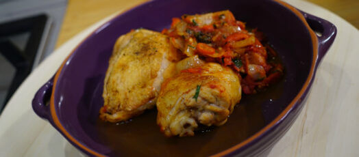 Kuře s pečenou paprikou a olivami
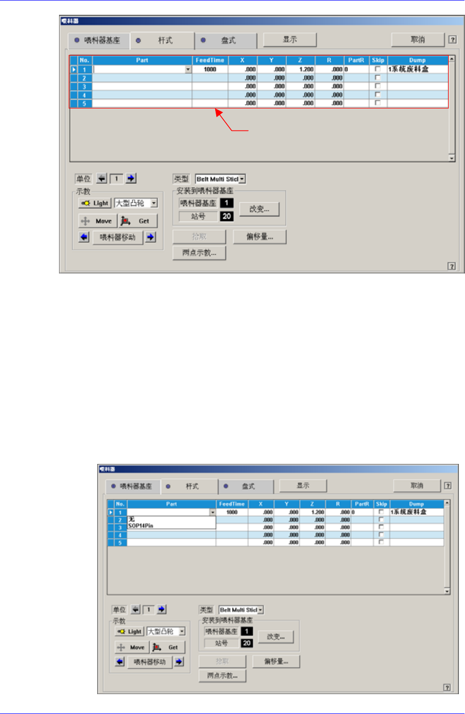 该Slot上装有管式喂料器时,选择Stick Feeder供给部件的Dump Box。 可
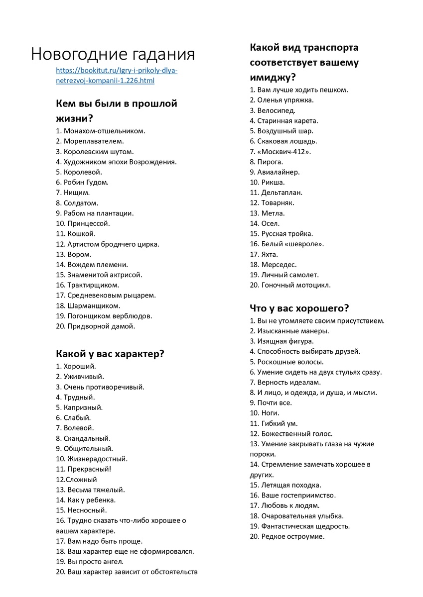 На новогоднем празднике хочется чувствовать себя комфортно. Конкурсы любят не все, а веселиться хочет каждый. Я подобрала конкурсы для активных людей и для тех, кто особо не любит участвовать в развлечениях. Обязательно надо провести конкурсы-предсказания. Они могут быть в разных форматах. Ведущий задает вопрос и просит назвать цифру до 20, затем читает предсказание на названную цифру. Если Вы знаете, что можно пожелать/предсказать родным и близким, заранее подготовьте бумажки с пожеланиями/предсказаниями, которые актуальны для гостей праздника. Участники вытягивают из коробочки карточку с картинкой. Затем он сам, или с помощью других, пытается понять, что предсказывает ему эта картинка. Например, если вытянул карточку с машиной, то - купишь машину. Путем жребия выбираем одного участника. Сегодня он будет президентом. Ему надо будет приготовить новогоднее поздравление. Все остальные пишут на бумажках по 1-2 разных слова и отдают "президенту". Задача "президента" — придумать поздравл
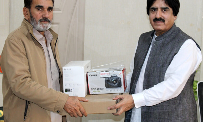 He made these remarks while handing over a **camera, laptop, drone, and other essential office equipment** to **Deputy Director Information Naseerabad Division, Naik Muhammad**.
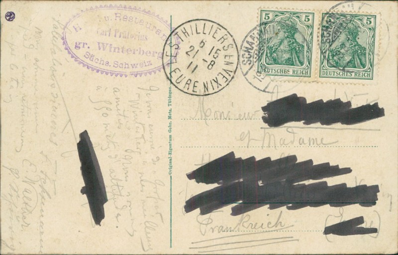 Alte Ansichtskarte aus Bad Schandau, gelaufen am 19.08.1911 von Schandau nach Les Thilliers en Vexin. Ankunft in Les Thilliers en Vexin am 21.08.1911.
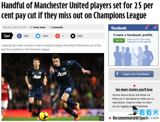 曼联若无缘欧冠资格将损失惨重 球员恐降薪四分之一!
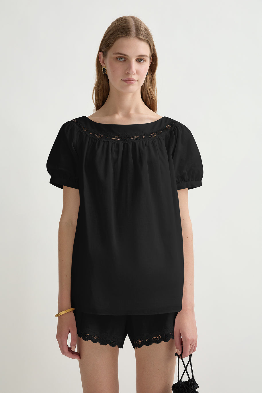 • Billowy short sleeve
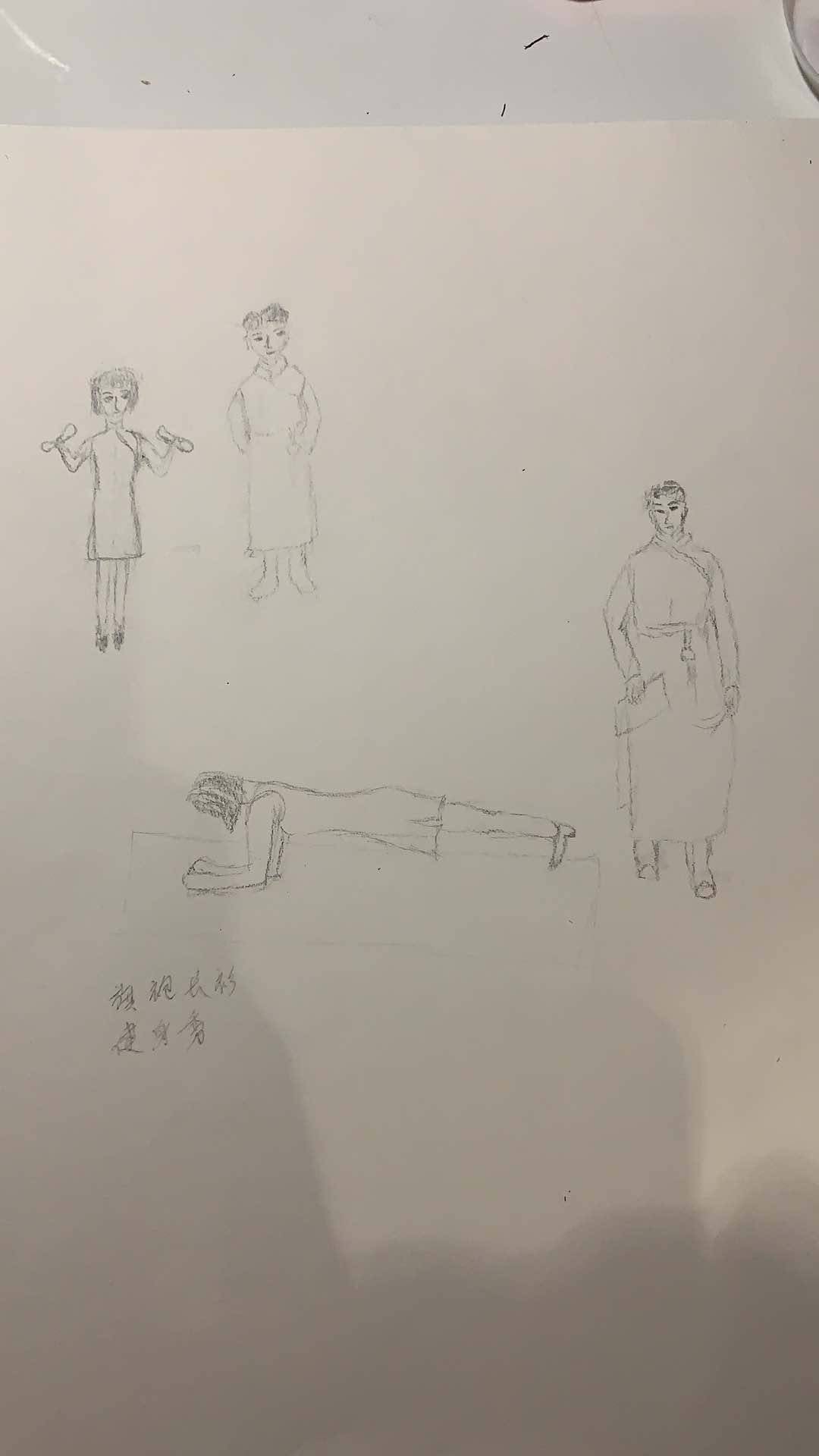我师傅最近训练时伤了腰,我好几天没去上课,今天他要坚持给我上课,但我不忍心,就和他说再逼我,我就穿着旗袍去,他想象不出穿着旗袍怎么健身,于是我画了一个草图给他看
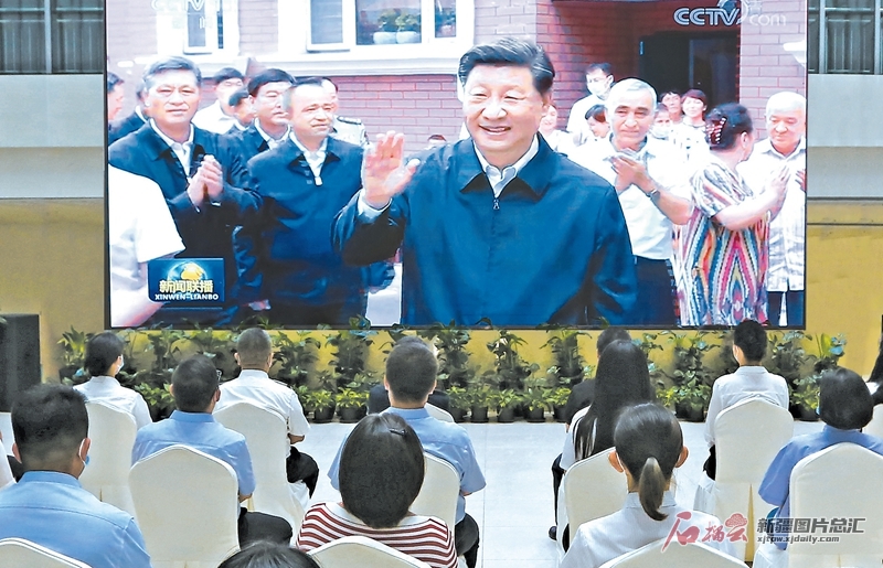7月15日,乌鲁木齐国际陆港区工作人员收看习近平总书记在新疆考察的新闻报道。天山网-新疆日报记者蔡增乐摄
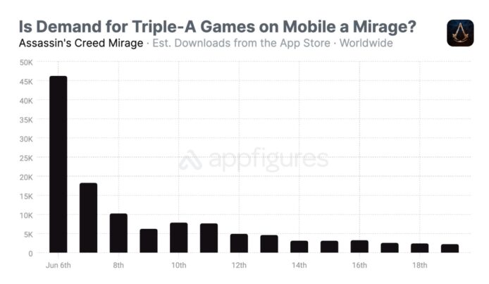 根據 MobileGamer.biz 提供的 Appfigures 報告,移動裝置用戶對 AAA 遊戲的需求並非如預期的那樣高。Appfigures 報告顯示《刺客教條:幻象》自 6 月 6 日推出以來,總下載量已經達到 123000 次,但截至上星期只有不到 3000 人購買了整個遊戲。差不多同時期推出的原生手遊《刺客教條:起義》有接近 200 萬次下載,比《刺客教條:幻象》高出 612%。其他 AAA 大作也是同樣情況,Capcom 的《生化危機 4》和《生化危機 村莊》完整購買了遊戲的分別只得 7000 份和 5750 份。
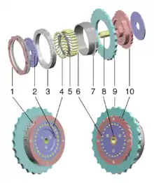 Exploded view of an Enigma machine rotor:1-Notched ring, 2-Dot marking the position of the "A" contact, 3-Alphabet "tyre" or ring, 4-Electrical plate contacts, 5-Wire connections, 6-Spring-loaded pin contacts, 7-Spring-loaded ring adjustment pin, 8-Hub, through which fits the central axle, 9-Finger wheel, 10-Ratchet mechanism
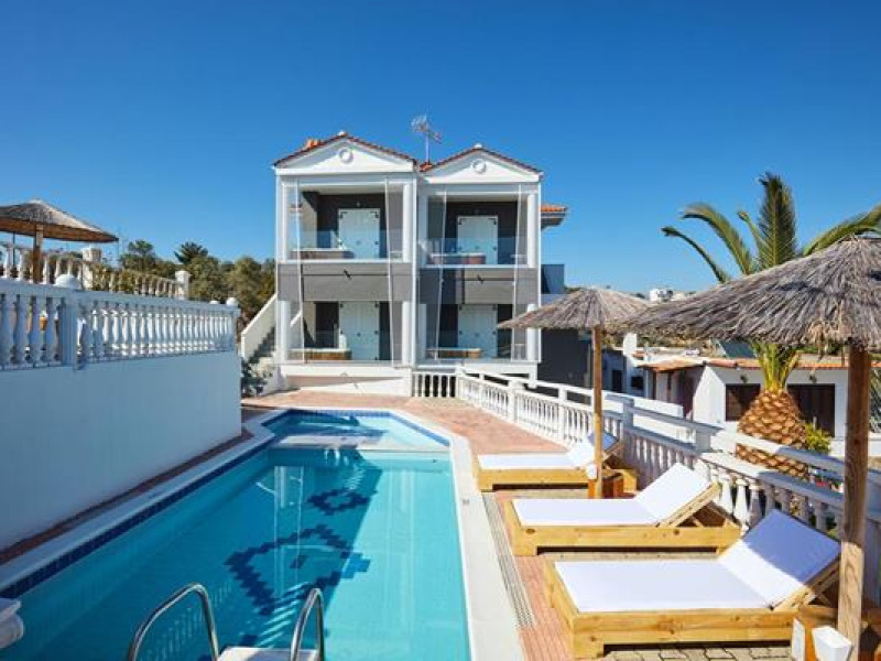 Villa Fylaktos is 1-minute walk from the beach. Provides 8 apartments fully equipped with bedroom, living room and equipped kitchen, outdoor pool and children’s pool, a playground and a part meant for relaxation, which is on different levels, with deckchairs overlooking the blue Aegean Sea.Full description
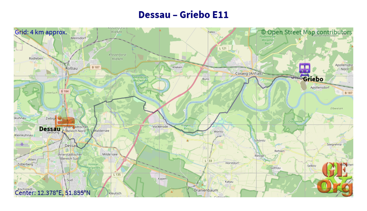 Only a small variation on the other side in Griebo itself, otherwise the path was marked well and sufficiently often enough. I started on the last bottle of lemonade just out of Coswig, and was in Griebo with a good 45 minutes to spare. Now to find the station! I knew it was a little way out of town, but was beginning to doubt its existence at all, when a sign for a level crossing on a side street turned up. I immediately crossed the road and made my way to the railroad tracks and the station was barely 100 m further down the tracks. Spent a good twenty minutes making notes for tonight’s activities in the shade on the wrong platform, then went across in good time for the train.
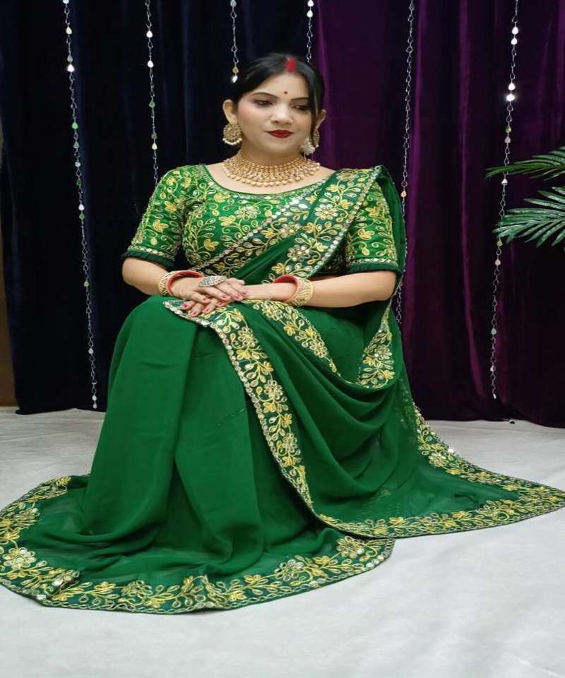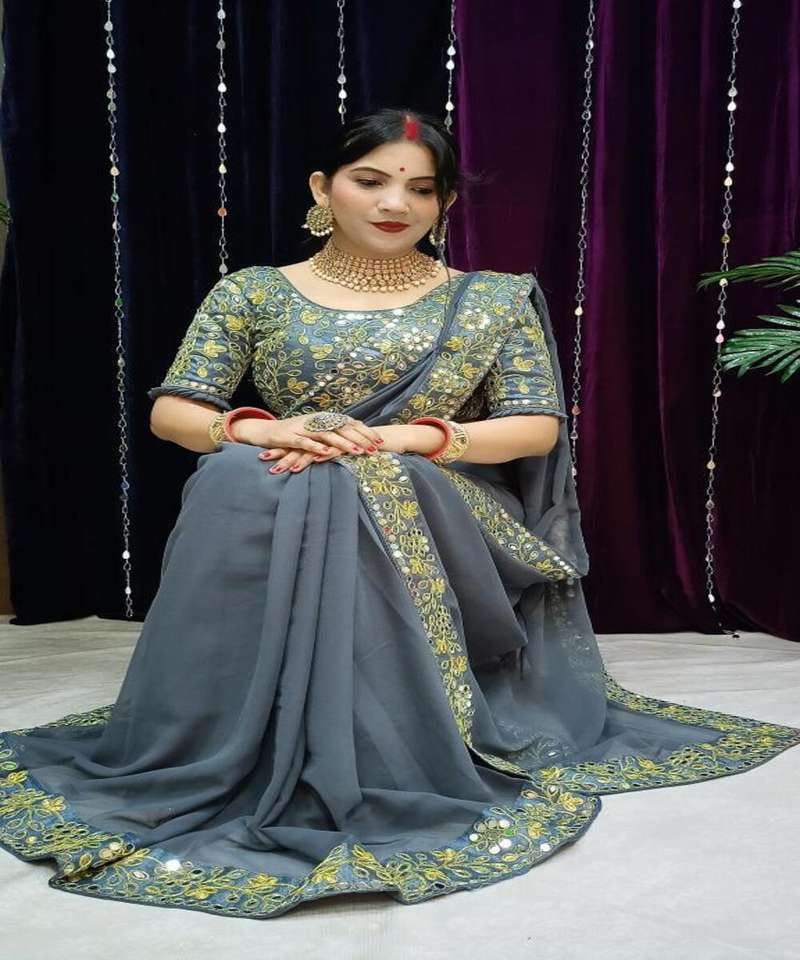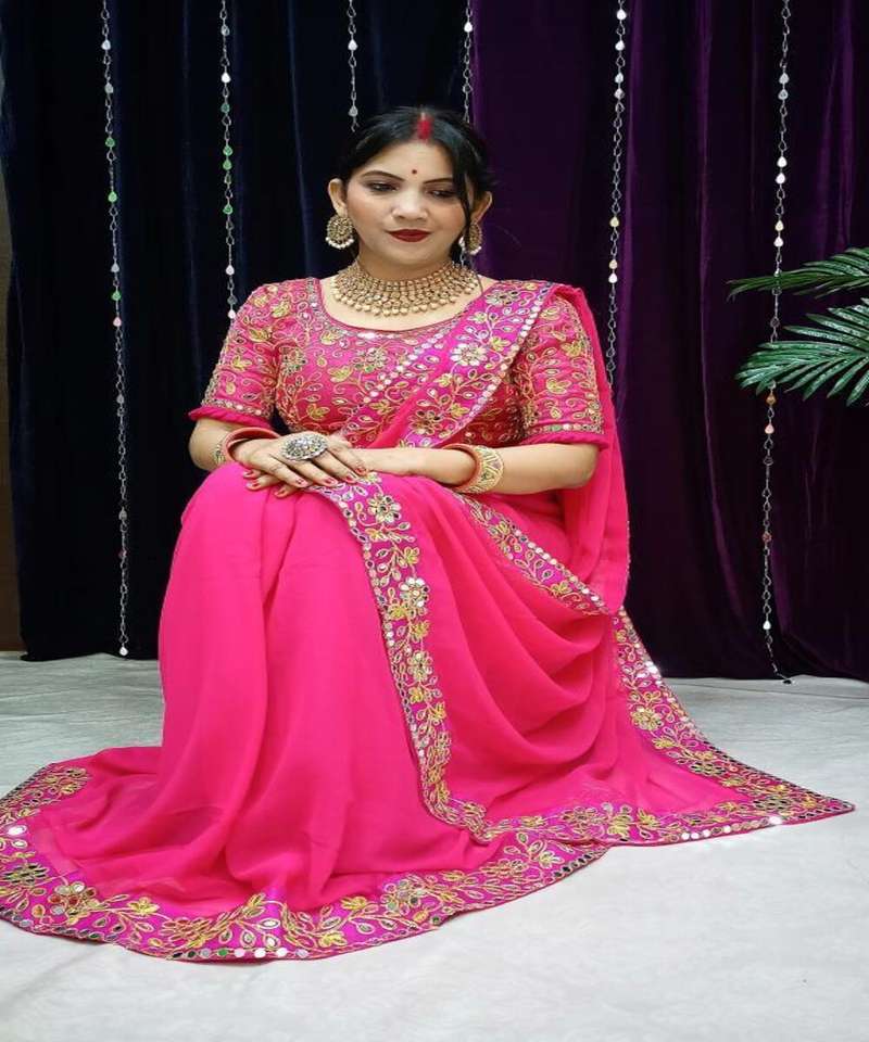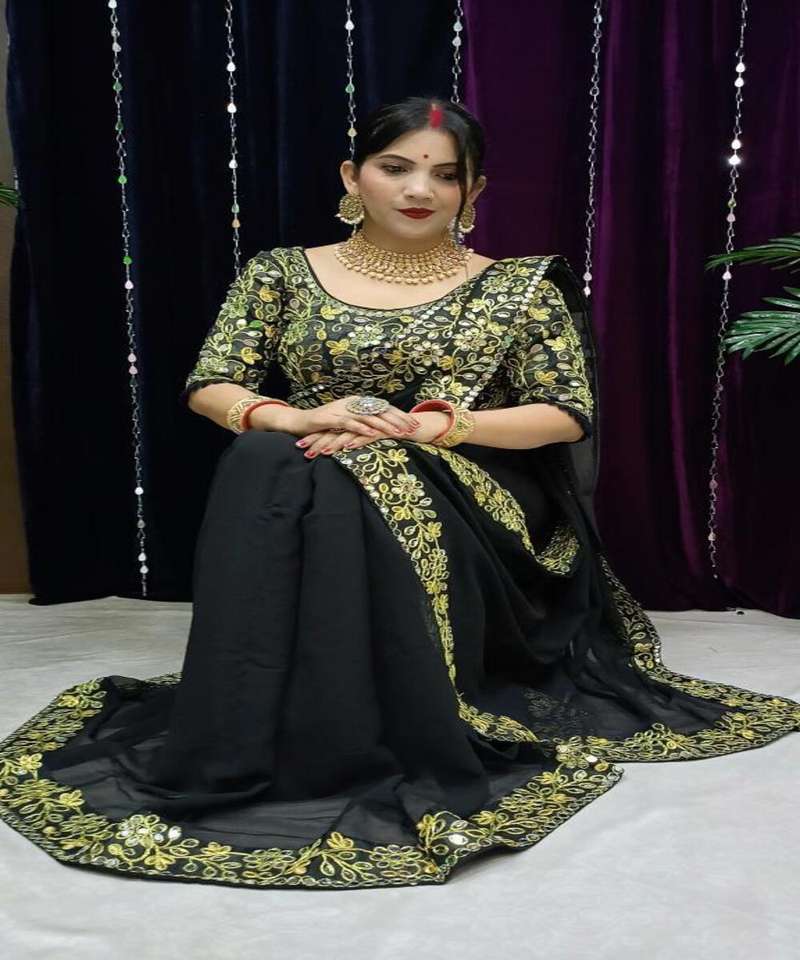 Heavy Embroidery Work Sari with Matte Blouse Piece Indian Women Wear Sari Low Price Wholesale Surat Garment

------------------------------------------------------------

* Required action
Only the lines from the start of the records to the one containing "该Slot上装有管式喂料器时,选择Stick Feeder供给部件的Dump Box。" should be repeated, exactly and with both ends kept; drop any pictures.

* Task result
 Kuře s pečenou paprikou a olivami
 该Slot上装有管式喂料器时,选择Stick Feeder供给部件的Dump Box。 可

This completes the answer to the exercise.